But one of the most effective features of the FASPE fellowship is a bit of research that each participant prepares before we leave for Europe. Each fellow is asked to undertake a study of a particular World War II era journalist. The fellows look at the journalist’s life and read his or her works. Each day on the trip, one of the fellows presents to the group on their assigned journalist. “The profiles are particularly effective,” said Thorin Tritter, the executive director of FASPE. “Our fellows see all kinds of connections between the ethical issues they faced then and today.”

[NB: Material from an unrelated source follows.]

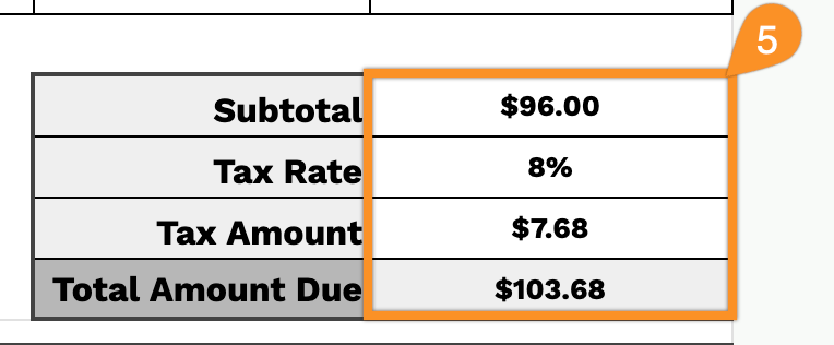 5. Add the appropriate tax rate. The template will calculate the subtotal, tax amount, and total amount due.

History will judge the scoundrels and the heroes of today, but there is little doubt that today’s journalists are faced with reporting on distortions, lies and racist rhetoric.

 

The journalists range from villains like Julius Streicher, the editor of Der Sturmer who was hanged at Nuremberg, to heroes like Varian Fry, an American journalist who was so moved by what he saw that he put down his pen and rescued more than 2,000 Jews and anti-Nazis from Vichy France, to chroniclers like the photojournalist Margaret Bourke-White.

History will judge the scoundrels and the heroes of today, but there is little doubt that today’s journalists are faced with reporting on distortions, lies and racist rhetoric. Trump has railed against Muslims, African-Americans, Mexicans, women and the handicapped. In addition, the Anti-Defamation League accused his son, Donald J. Trump Jr., of “trivializing” the Holocaust with his comments about “heating up the gas chamber,” according to the Los Angeles Times. Politico pulled together several anti-Semitic notes from the Trump campaign and ran an article with the headline: “In a Time of Trump, Millennial Jews Awaken to Anti-Semitism.” The subhead: “A new generation is experiencing an age-old hatred for the first time.”

The article chronicled everything from Trump Sr.’s tweet of an image of Hillary Clinton with a six-pointed star and a pile of cash to comments attributed to Trump’s campaign manager about “whiny” Jewish brats. And it told of the online hate speech aimed at Jewish journalists who are critical of the candidate or the campaign. As Jim Rutenberg noted in the Times, “Jew” has become an epithet. And just a few days ago the Anti-Defamation League released a major study that showed a year-long rise in anti-Semitic hate speech on Twitter directed at Jewish journalists, much of it linked to Trump supporters.

I don’t think these anti-Semitic references will be lost on next summer’s FASPE fellows. Until the program, most of them never get this close to examining the roots of the Holocaust and the life stories of the working journalists who covered that era. As we in journalism education race to keep up with rapidly changing technologies, we spend less and less time talking about journalism and history — and even less time talking about ethics. FASPE fills these lacunae in journalism education.

Telling the stories of the World War II-era journalists is a reminder of the responsibility we bear as journalists and the impact that our work and lives can have. It is also a reminder that we, too, will be judged by history. To paraphrase the popular safe-driving slogan in New York: Your choices behind the keyboard matter. That might be the most important lesson of all.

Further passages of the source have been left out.